An unchanged copy of all the lines below is expected, and it should contain no pictures.

AVAILABLE DATA:
• • • • • • •

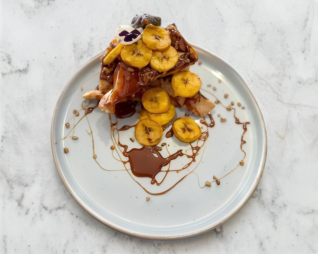 Pan de masa madre con trocitos de plátano, bañado en macho frito nuez caramelizada y cajeta.
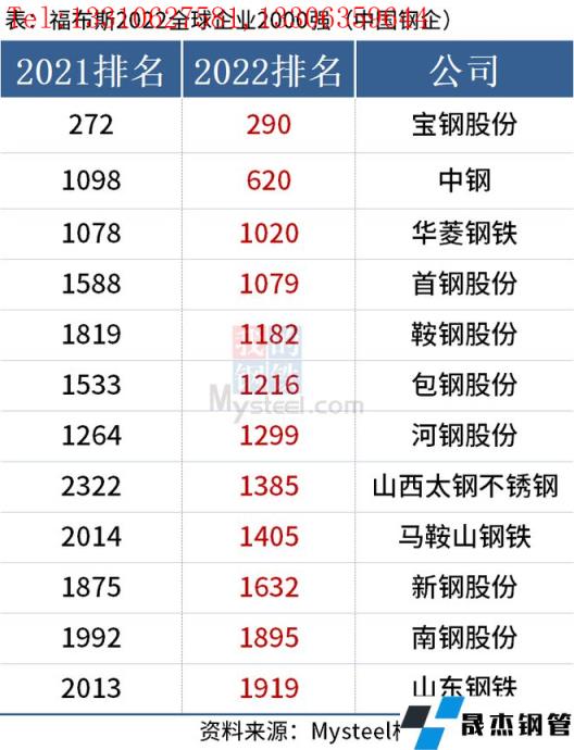 5月12日,福布斯2022全球企業2000強發布。據統計,中國鋼鐵行業共有12家企業上榜。分別是寶鋼股份、中鋼、華菱鋼鐵、首鋼股份、鞍鋼股份、包鋼股份、河鋼股份、山西太鋼不銹鋼、馬鞍山鋼鐵、新鋼股份、南鋼股份和山東鋼鐵。具體排名如下:
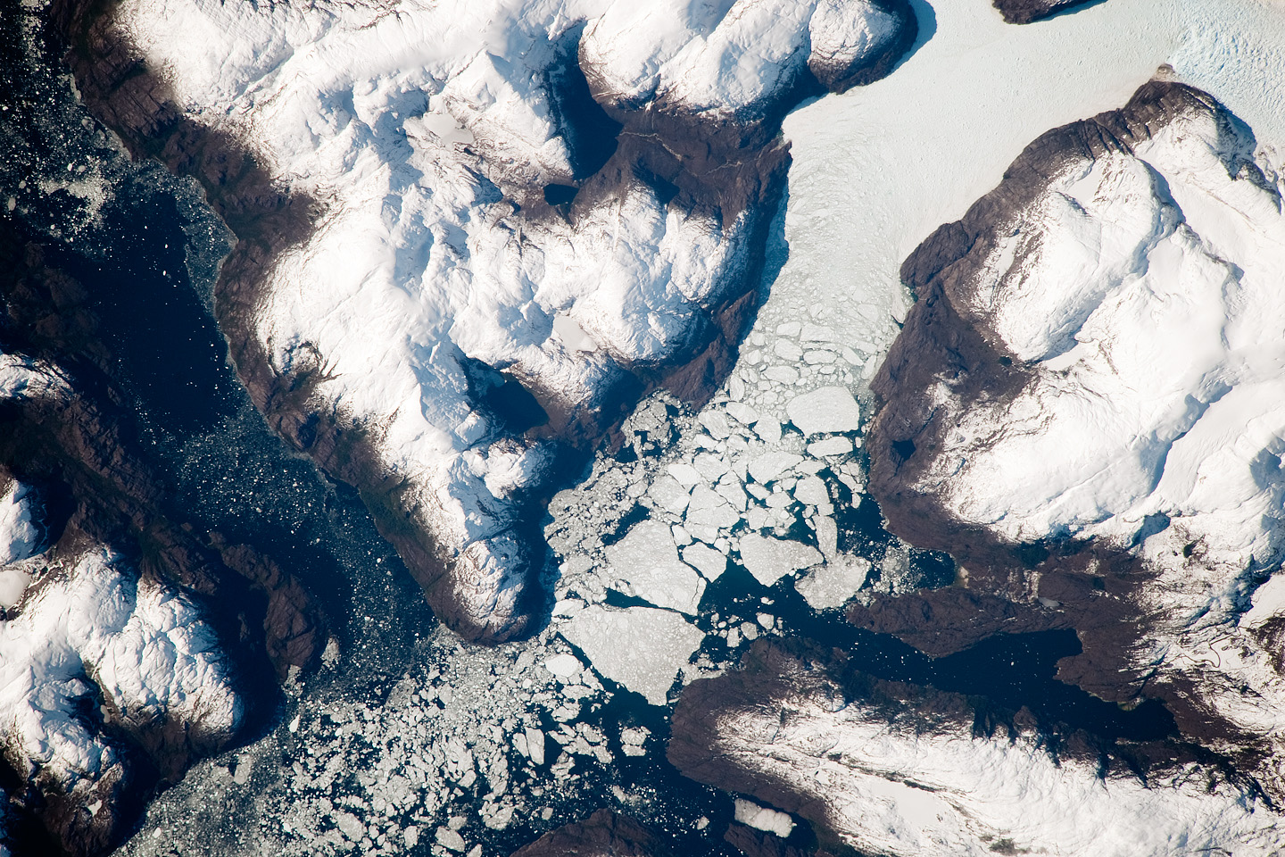 This detailed astronaut photograph shows the merged outlet of Penguin Glacier and HPS 19 into a fjord carved into the snow-covered mountains of the southern Andes. The designation HPS stands for Hielo Patagónico Sur (Southern Patagonian Icefield); the numbering system is used to identify glaciers that have no other geographic name. Ice flowing into the fjord begins to break up at image center, forming numerous icebergs. The largest visible in this image is approximately 2 kilometers in width. The large ice masses visible at image center have a coarse granular appearance due to variable snow cover and mixing and refreezing of ice fragments prior to floating free.

• • • • • • •

WRITTEN RESPONSE:
 Pan de masa madre con trocitos de plátano, bañado en macho frito nuez caramelizada y cajeta.
 5月12日,福布斯2022全球企業2000強發布。據統計,中國鋼鐵行業共有12家企業上榜。分別是寶鋼股份、中鋼、華菱鋼鐵、首鋼股份、鞍鋼股份、包鋼股份、河鋼股份、山西太鋼不銹鋼、馬鞍山鋼鐵、新鋼股份、南鋼股份和山東鋼鐵。具體排名如下:
 This detailed astronaut photograph shows the merged outlet of Penguin Glacier and HPS 19 into a fjord carved into the snow-covered mountains of the southern Andes. The designation HPS stands for Hielo Patagónico Sur (Southern Patagonian Icefield); the numbering system is used to identify glaciers that have no other geographic name. Ice flowing into the fjord begins to break up at image center, forming numerous icebergs. The largest visible in this image is approximately 2 kilometers in width. The large ice masses visible at image center have a coarse granular appearance due to variable snow cover and mixing and refreezing of ice fragments prior to floating free.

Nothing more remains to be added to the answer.